LITTLE VILLAGE — Hilco Redevelopment Partners is set to start building a massive logistics facility at the old Crawford coal plant Friday — just weeks after Mayor Lori Lightfoot’s office said they planned to rescind a construction permit that was “inappropriately approved” by the Department of Buildings.
Hilco plans to begin construction on the 70-acre site at 3501 S. Pulaski Road as early as Friday, the company said in an email. The developer is the one that oversaw the botched demolition that covered Little Village in dust amid a respiratory pandemic and with little to no notice to neighbors.
The warehouse, to be used by Target as a distribution center, will be 1 million square feet. Construction will include using “insulated, load bearing, precast concrete wall panels and a structural steel frame. Vertical construction work will include steel erection, precast wall installation, roof construction and related infrastructure.”
A day after beginning construction, Hilco will host a virtual community meeting at 10 a.m. Saturday to discuss the demolition of the remaining structure at the site. That demolition will start no earlier than July 6, Hilco said in a statement.

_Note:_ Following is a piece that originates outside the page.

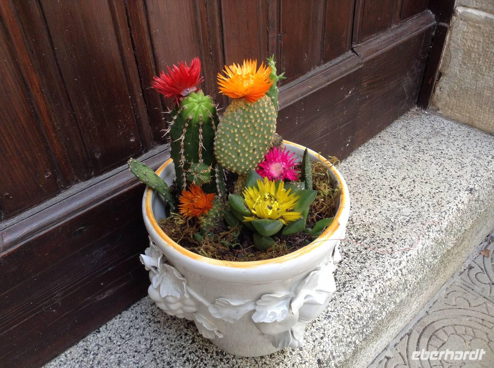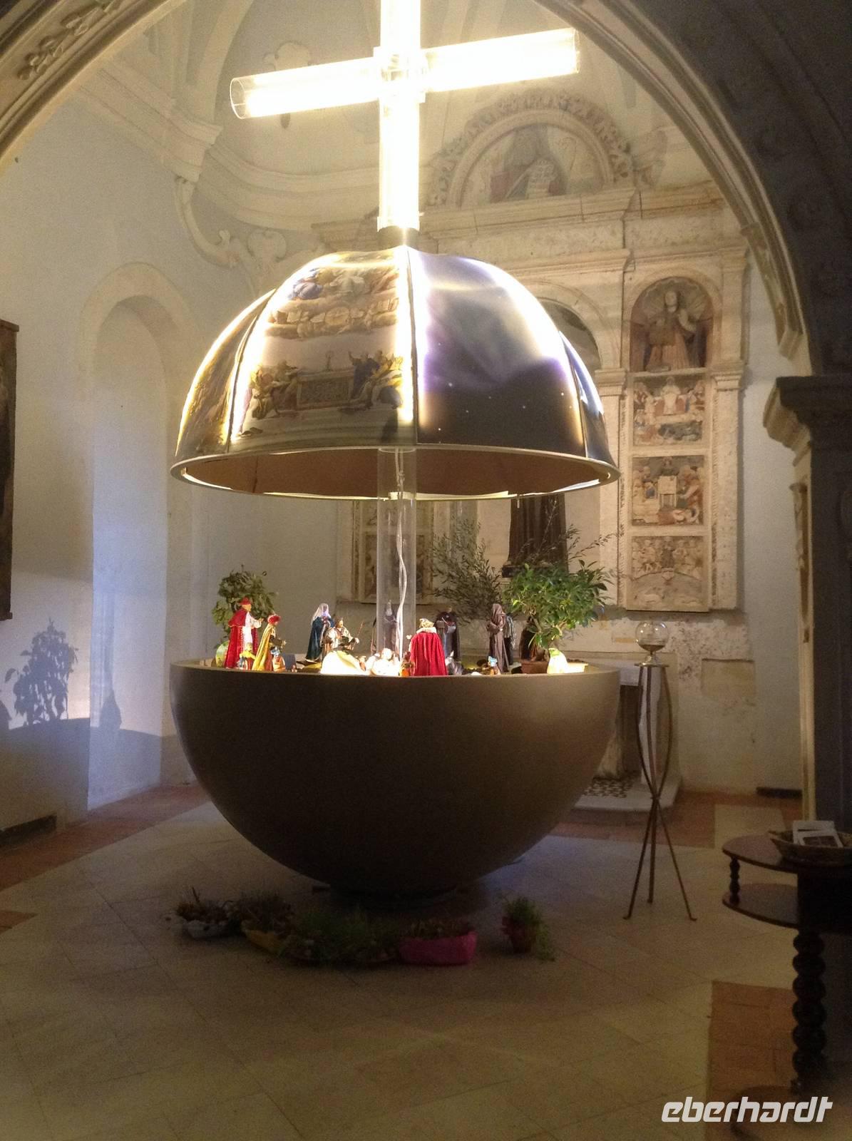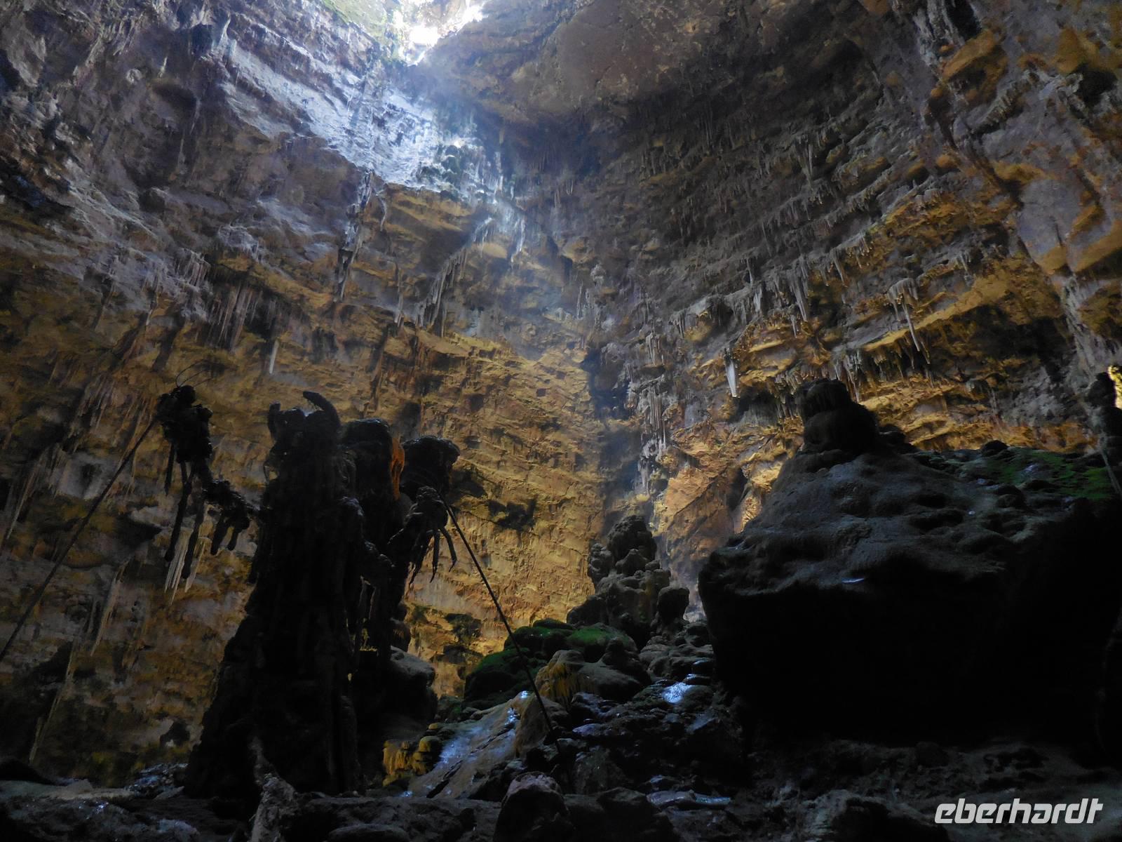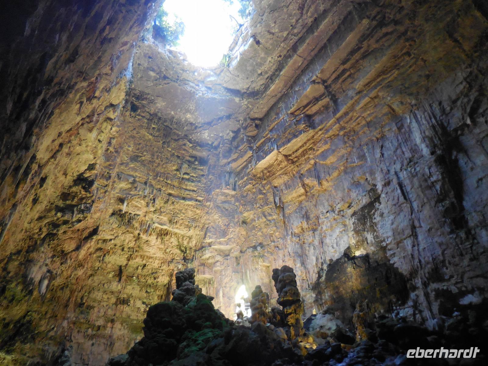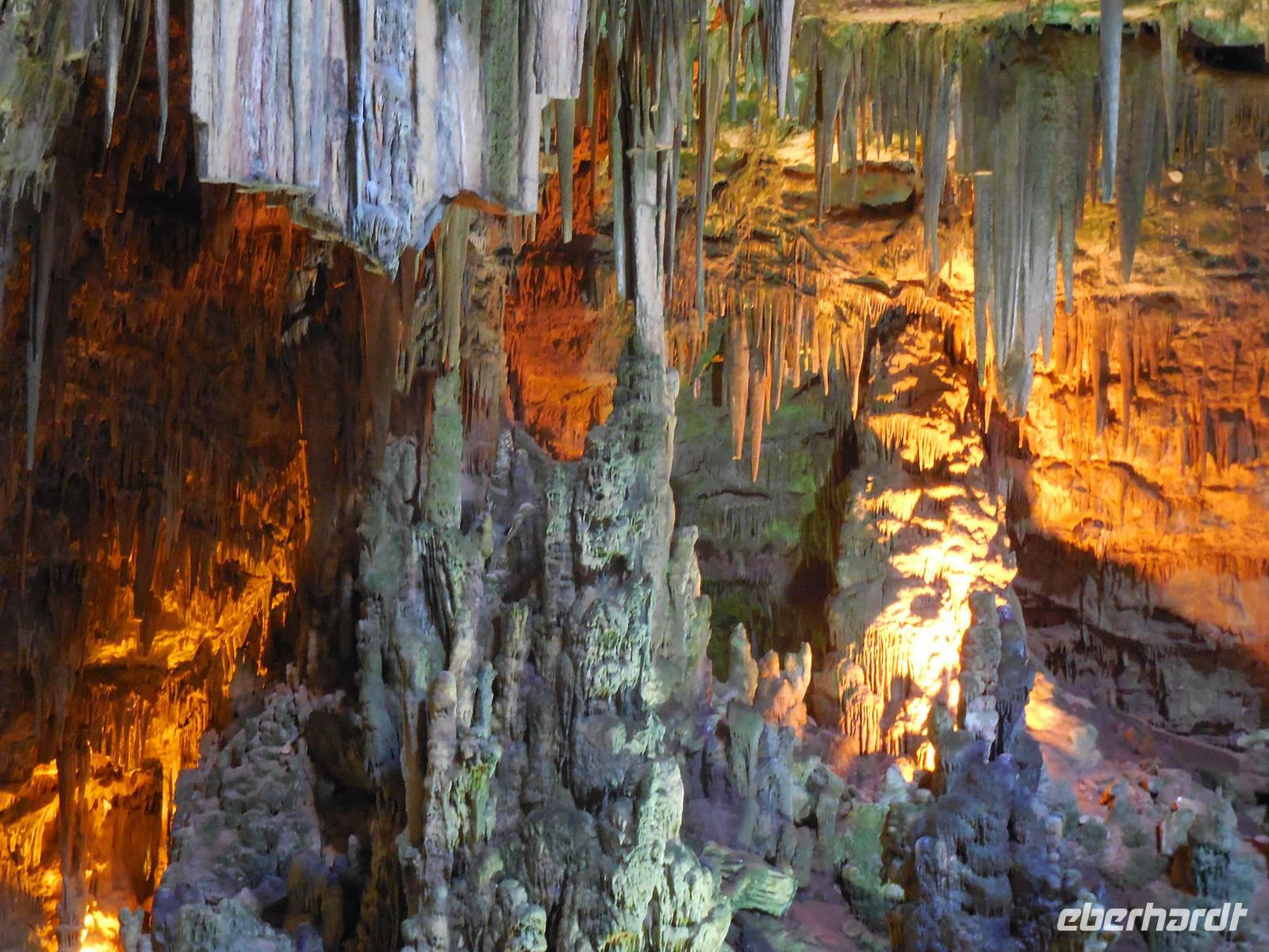 9:30 Uhr fahren wir ab entlang des Valle D'itria (wo es noch bis zu 10.000 Trullis geben soll) zu den Castellana-Grotten, die im Jahr 1938 entdeckt worden sind. Hier steigen wir etwa 100 Stufen hinab und befinden uns in einem riesigen Höhlenkomplex, dem wir nun 1,5 Kilometer pro Strecke folgen. Unendlich viele Stalagmiten und Stalagtiten beeindrucken uns mit ihren Formen und unterschiedlichen Größen. Gute zwei Stunden später erspähen wir wieder Tageslicht und vor allem froh, den knapp gewordenen Sauerstoff einzuatmen. Zurück im Bus fahren wir ins etwa 10 Kilometer entfernte Alberobello, wo wir zunächst unsere wohlverdiente Mittagspause einnehmen. Anschließend führt uns Mirella in die alte Stadt aus dem 14. Jahrhundert und danach in die neue Stadt aus dem 16. Jahrhundert. Bis hinauf zur Kirche laufen wir gemeinsam und genießen danach noch eine Stunde Freizeit im puren Sonnenschein und zwischen 1.400 Trullis. Nun kehren wir mit den ersten tollen Eindrücken zurück zum Hotel.

Residents can view the virtual meeting on the video conference platform Zoom.
The construction work and demolition at the site have been mired in controversy.
Late last month, the city issued a $40 million building permit to Hilco Redevelopment Partners. The Mayor’s Office initially said the city could not legally withhold approval of permits, but hours later the Mayor’s Office said the Department of Buildings “inappropriately approved a new construction permit” and Lightfoot would push for it to be rescinded.
Earlier this month, the city gave Hilco the green light to demolish a separate structure on the site. The city reported “the developer executed a successful and safe demolition of the structurally unsound turbine structure.”
In two videos of the turbine structure’s demolition, dust can be seen billowing at the site.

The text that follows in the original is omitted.